=== Section Start ===
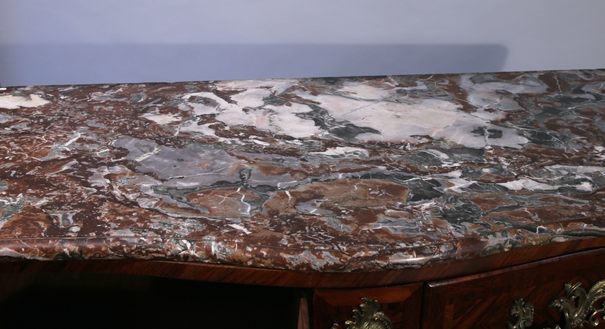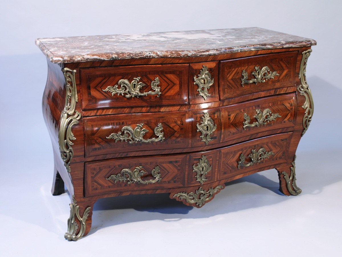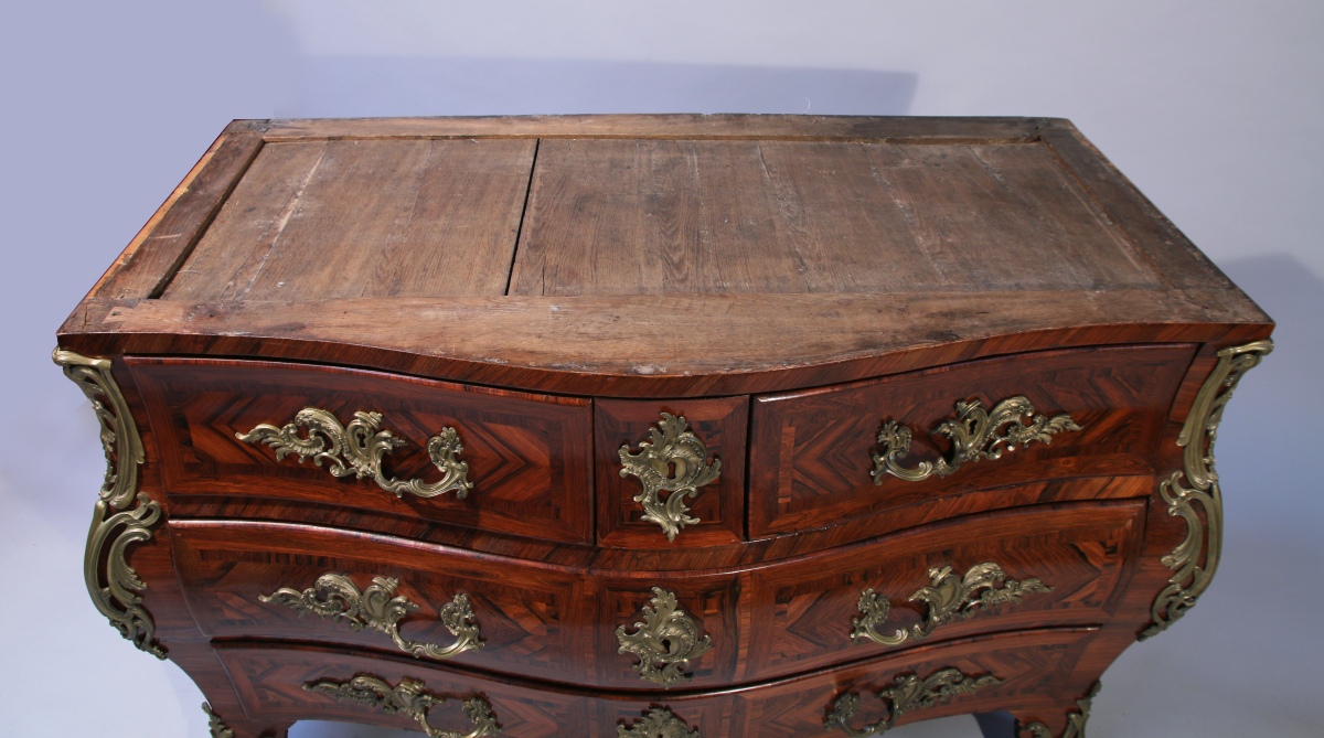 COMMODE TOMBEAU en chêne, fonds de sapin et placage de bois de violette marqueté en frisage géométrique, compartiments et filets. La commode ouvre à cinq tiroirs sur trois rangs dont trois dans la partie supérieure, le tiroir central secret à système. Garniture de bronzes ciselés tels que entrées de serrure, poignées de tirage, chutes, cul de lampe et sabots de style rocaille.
=== Section End ===
=== Section Start ===
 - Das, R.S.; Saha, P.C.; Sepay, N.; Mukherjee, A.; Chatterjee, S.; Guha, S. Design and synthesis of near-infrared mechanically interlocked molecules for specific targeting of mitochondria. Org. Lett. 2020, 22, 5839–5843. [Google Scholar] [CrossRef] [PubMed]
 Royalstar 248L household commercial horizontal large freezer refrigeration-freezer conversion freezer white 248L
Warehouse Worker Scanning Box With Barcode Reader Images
=== Section End ===
WORK REQUEST
An exact copy of the lines above, from the one containing "- Das, R.S.;" through the one containing "Warehouse Worker Scanning", is the whole of the answer.

TASK RESPONSE
 - Das, R.S.; Saha, P.C.; Sepay, N.; Mukherjee, A.; Chatterjee, S.; Guha, S. Design and synthesis of near-infrared mechanically interlocked molecules for specific targeting of mitochondria. Org. Lett. 2020, 22, 5839–5843. [Google Scholar] [CrossRef] [PubMed]
 Royalstar 248L household commercial horizontal large freezer refrigeration-freezer conversion freezer white 248L
Warehouse Worker Scanning Box With Barcode Reader Images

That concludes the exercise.